The maximum throughput in NFSv3 at the virtual machines was 11342 MB/s in read and 3628 MB/s in write.

This is NetApp NFSv4 RDMA Sequential IO TEST result.

NetApp NFSv4 RDMA Sequential IO TEST

NFSv4 host tcp with options is better than nfsv4 host RDMA since it is configured with nconnect=32 and remoteports=2 while nfsv4 host RDMA is configured with nconnect=2 and remoteports=2.

The IO performance at the host is better than that of one virtual machine. As we increase the number of virtual machines, the sum of throughput is higher than the throughput of the host since more jobs are running and distributed over the virtual machines. We did not test more jobs at the host but it would be better if we tested it. We could not saturate RoCE network in NFSv4 since we could not use nconnect with NFSv4 RDMA.

The maximum throughput in NFSv4 at the virtual machines was 5752 MB/s in read and 2385 MB/s in write.

This is NetApp NFSv3 RDMA Random IO TEST result.

NetApp NFSv3 RDMA Random IO TEST

The IO performance at the host is a lot better than that of one virtual machine. As we increase the number of virtual machines, the sum of IOPS is increased since more jobs are running and distributed over the virtual machines.

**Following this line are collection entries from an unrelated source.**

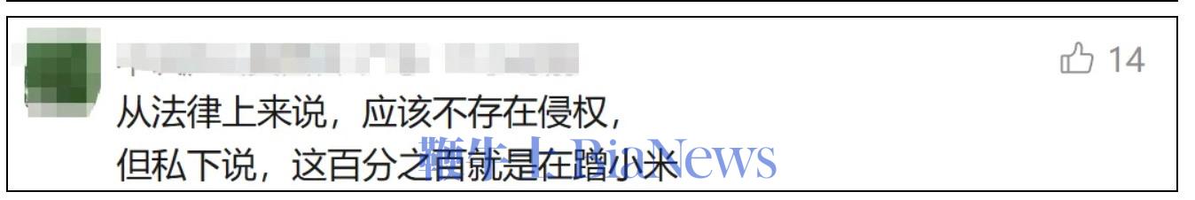 也有网友从法律角度分析,此举不存在侵权行为,但百分之百是在蹭小米热度。
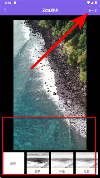 3、選擇濾鏡效果后,點(diǎn)擊下一步。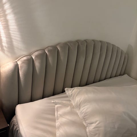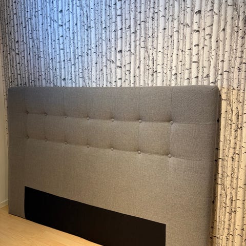 Mio sänggavel i grå textilklädsel. Gaveln har en vadderad, rut- och knappquiltad framsida som ger ett mjukt stöd bakom huvud och rygg. Passar till sängar i motsvarande bredd och kan placeras direkt mot vägg bakom sängen. Neutral grå färg som fungerar i många olika sovrumsmiljöer.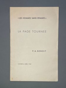 BENOIT Pierre-André. POINT DE MIRE. PAB, 1953. 3 x 3 cm. Edition originale relative à Joan Miró. Un des 35 exemplaires signés par Pierre-André Benoit. BENOIT Pierre-André. SUR SA TOILE. PAB, 1953. 4,5 x 4 cm. Edition originale consacrée à Leopold Survage limitée à 19 exemplaires. BENOIT Pierre-André. LA PAGE TOURNÉE. Collection Les Hommes sans épaule [Jean Breton et Hubert Bouziges]. 1953. In-4, agrafé. Edition originale tirée à 123 exemplaires.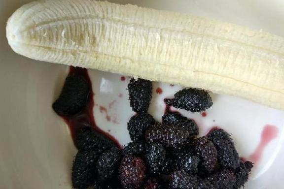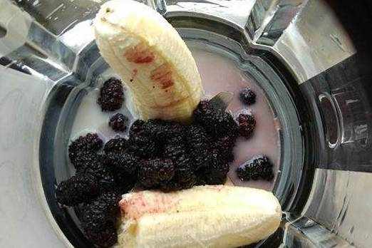 1.将桑葚用冷水浸泡一会儿,再冲洗干净,撸掉茎,沥净水份。再把香蕉剥皮备用。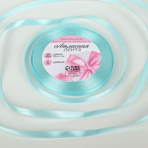 • Цена за 6 шт. Лента атласная, 6 мм, 23±1 м, голубая №211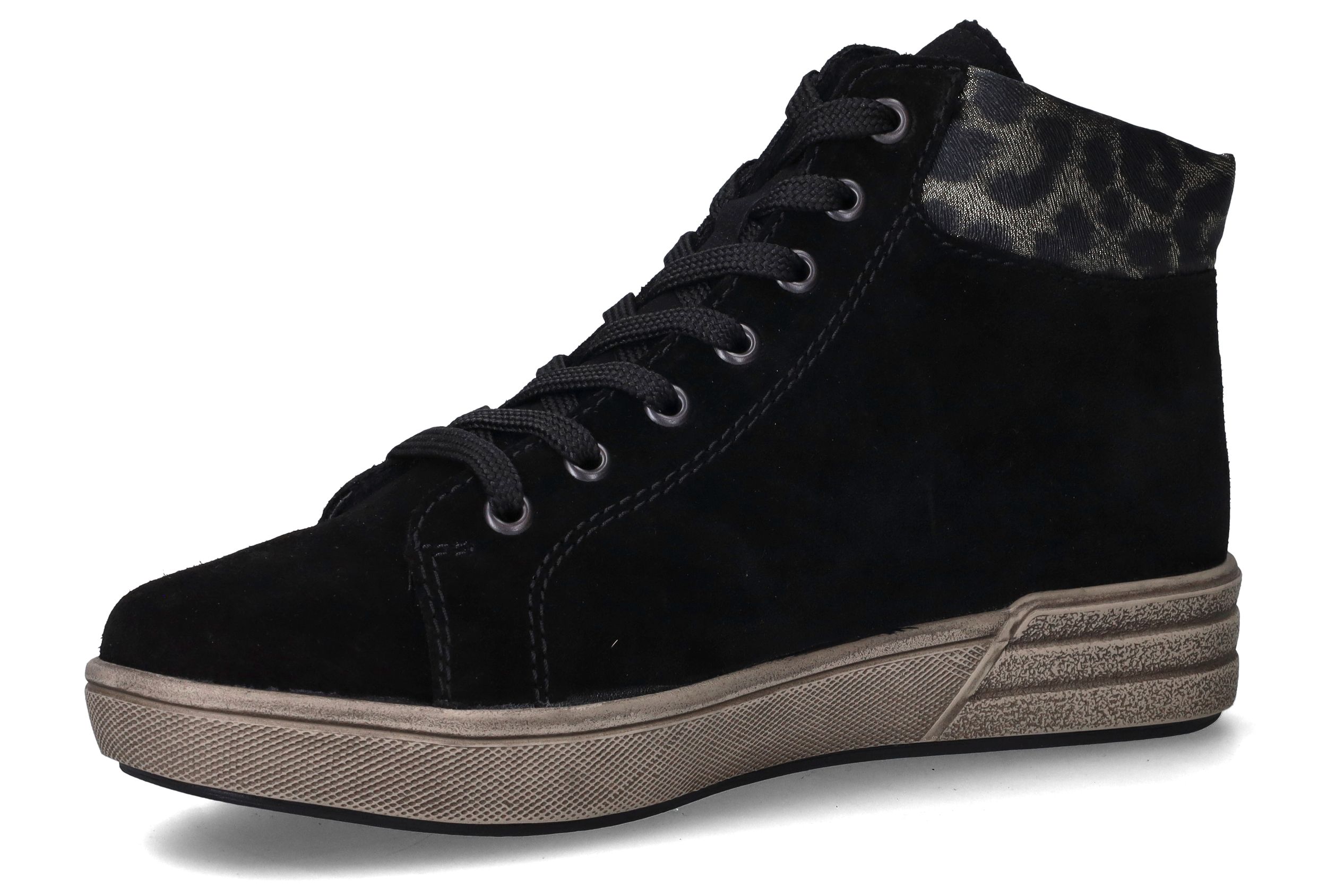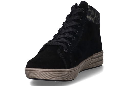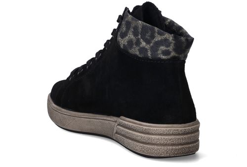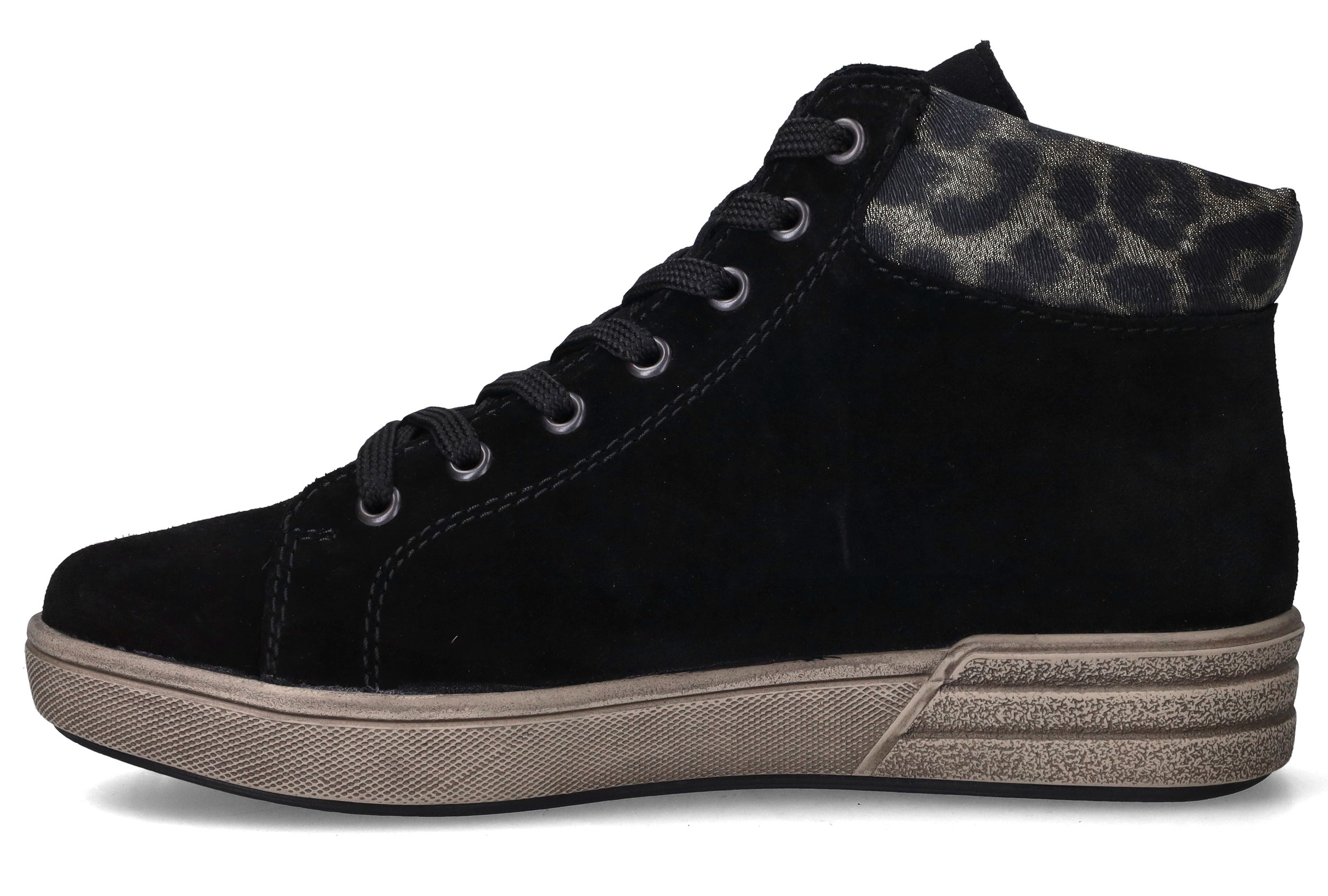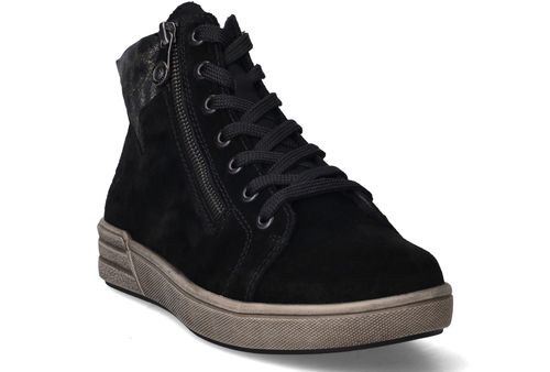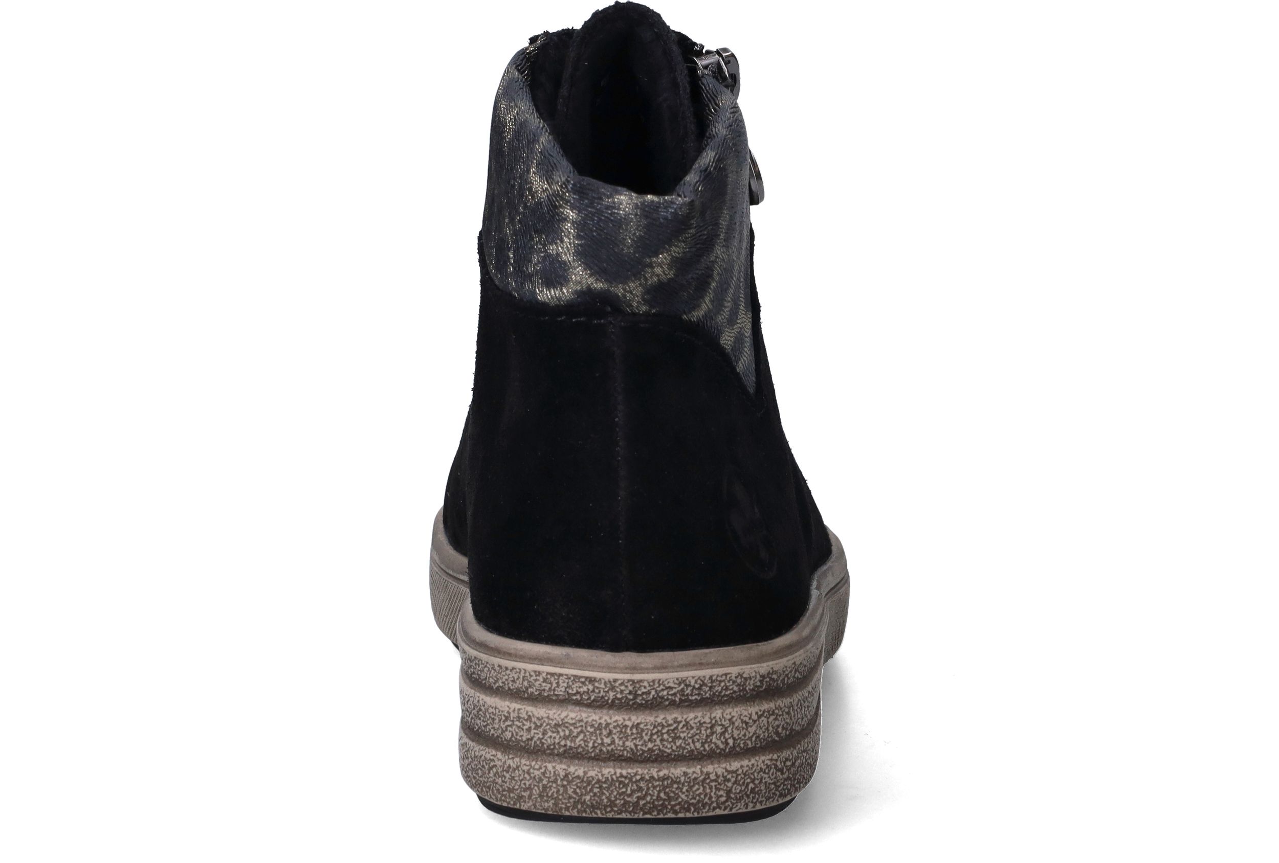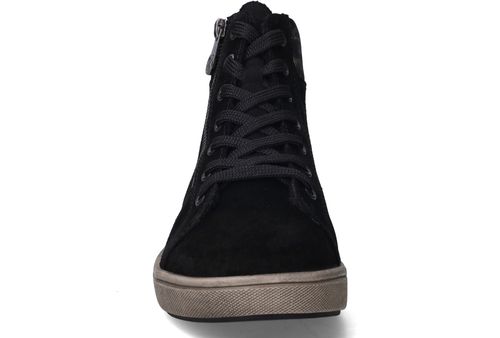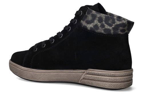 Deze zwarte sneakers van Rieker combineren moeiteloos stijl met comfort. Het suède met subtiele glansdetails en het synthetische materiaal zorgen voor een eigentijdse uitstraling. Dankzij de voetbreedte G sluiten ze mooi aan zonder te knellen. Perfect voor dames die er graag verzorgd uitzien én lekker willen lopen.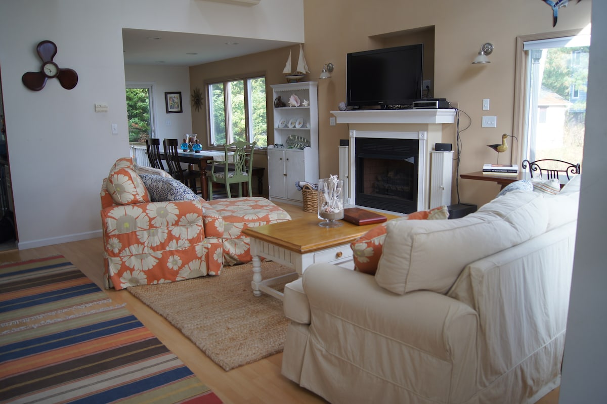 You've never seen waterfront like this. Welcome to Edgewater Escape, a luxury bayfront loft apartment that hangs entirely over the bay on 7th street in downtown Ocean City. Sit on the bay front porch or hang out inside and watch boats, dolphin, birds, and sometimes even seals swim by within feet of the porch. The loft has a roomy king sized bed and the downstairs couch pulls out into a comfy queen bed. Recently renovated, it comes fully equipped for your big trip or quiet staycation :)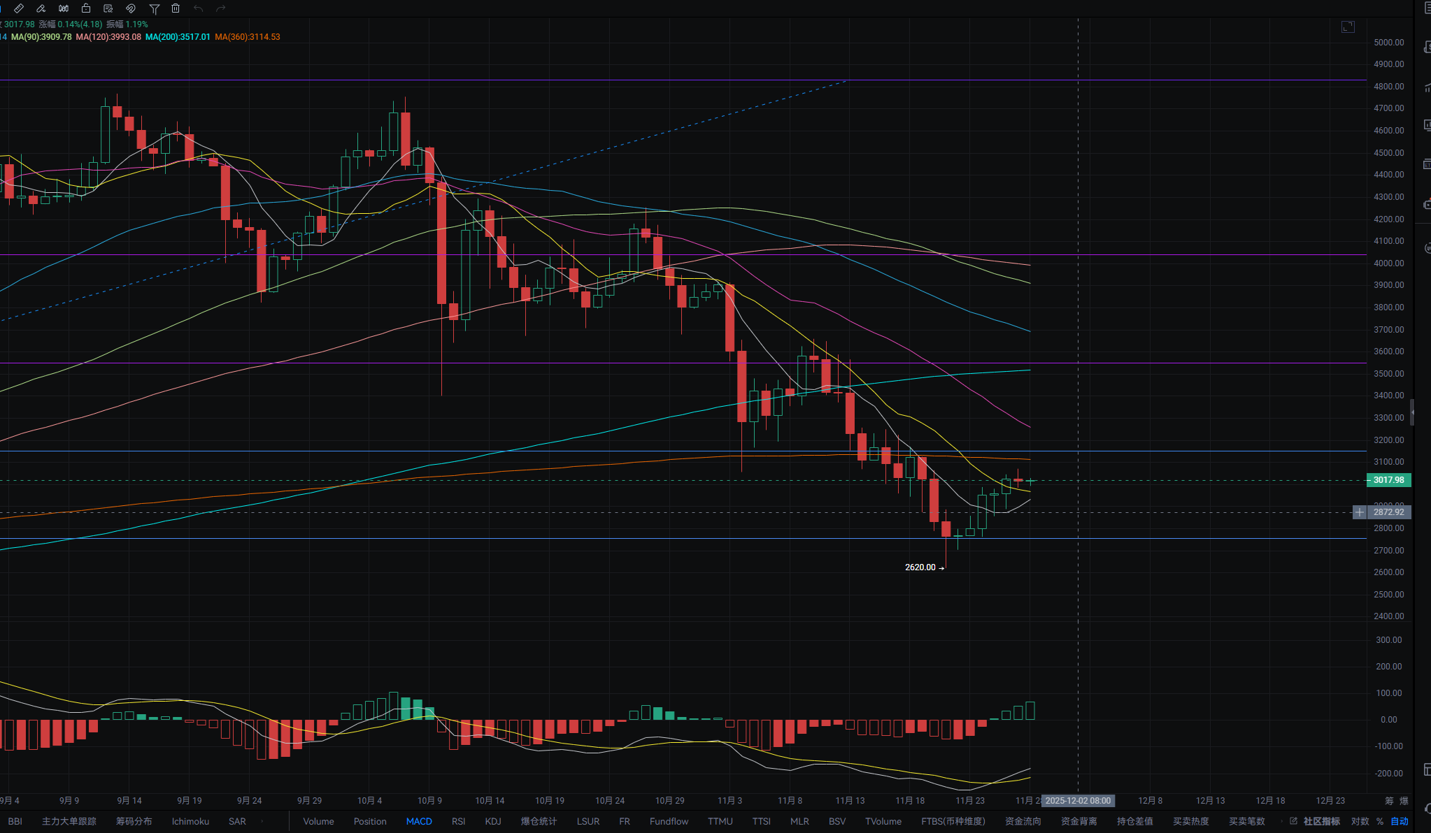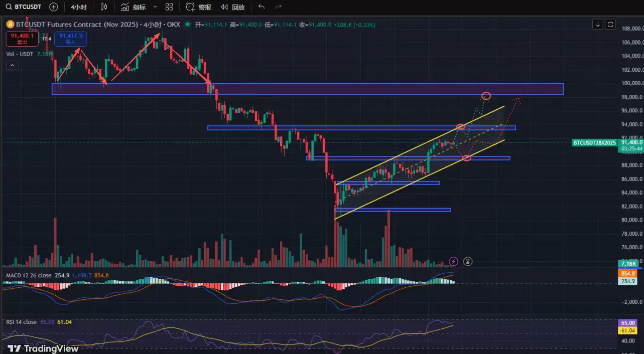 市场延续了美联储对于12月降息的预期,投资者的情绪逐渐的好转,在没有新数据的日子现在可能是最轻松的,就连大饼的价格在本周内都有继续上涨的可能,毕竟明天是黑五,也只有半天,估计也翻不出什么花,然后就是周末了。本周阳包阴形态,关键看94000附近能否收复形成强势反包 ,否则可能大概率整理结构;日线方面来到关键阻力区域91500-94000区域,如果成功突破下降趋势线压力93500附近(下降趋势线 + 布林带中轨),技术上有反转的大概率,继续挑战第二压力97500–100500区域(M顶颈线+ POC 套牢区);日线指标 MACD、RSI 金叉,指向 继续上行 ;短线级别关注4小时,短线机会伺机而动短线方面,4小时级别,继续震荡上行,回踩上升通道的中轨区域不跌破,有概率直接不回调直接上冲93500-94000压力(整理平台压力),下个压力98000附近(M顶颈线压力) 如果回调,关注通道下轨89500附近(也是矩形整理的上沿支持),不跌破,维持上升通道继续;跌破看矩形下沿支撑; 更小级别1小时,留意矩形整理平台A区,上下都可能出现真假跌破的M区,走AMD形态  指标方面,macd和rsi都有修复向上,支持向上反弹;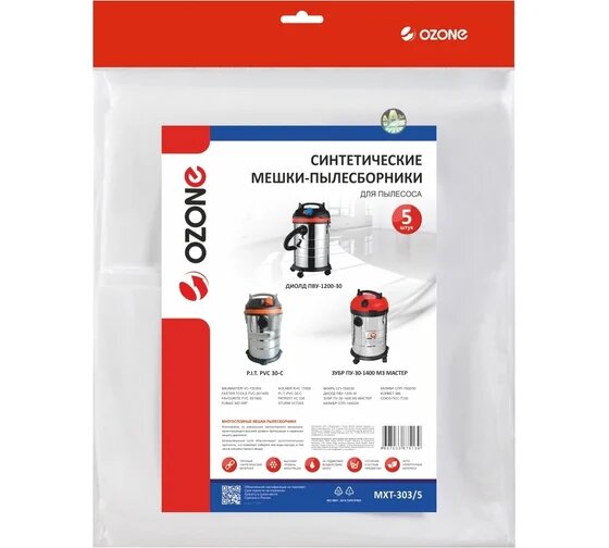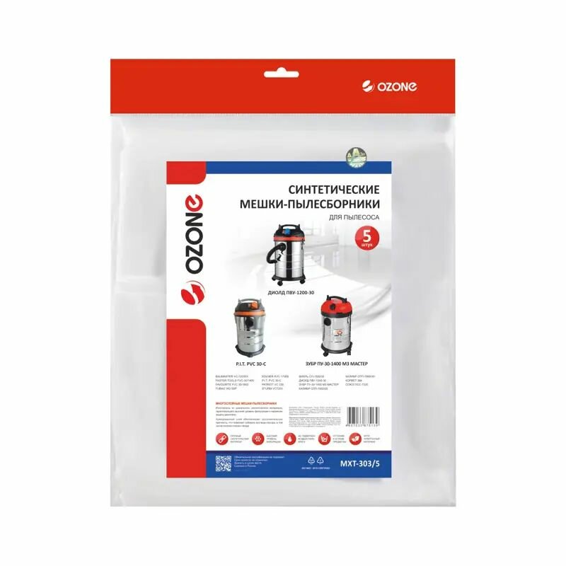Синтетические мешки-пылесборники Ozone MXT-303/5 для диолд, ЗУБР, PIT PVC 30 (5шт)

The maximum IOPS in NFSv3 at the virtual machines was 433k IOPS in random read and 174k random write IOPS.

This is NetApp NFSv4 RDMA Random IO TEST result.

NetApp NFSv4 RDMA Random IO TEST

NFSv4 host tcp with options is better than nfsv4 host RDMA since it is configured with nconnect=32 and remoteports=2 while nfsv4 host RDMA is configured with nconnect=2 and remoteports=2.

The IO performance at the host is a lot better than that of one virtual machine. As we increase the number of virtual machines, the sum of IOPS is increased since more jobs are running and distributed over the virtual machines.

The maximum IOPS in NFSv4 at the virtual machines was 136k IOPS in random read and 75.6k random write IOPS. These results are much worse than NFSv3. It is the same reason as sequential IO test. We could not use nconnect with NFSv4 RDMA.

For performance, we recommend using NFSv3 over RDMA.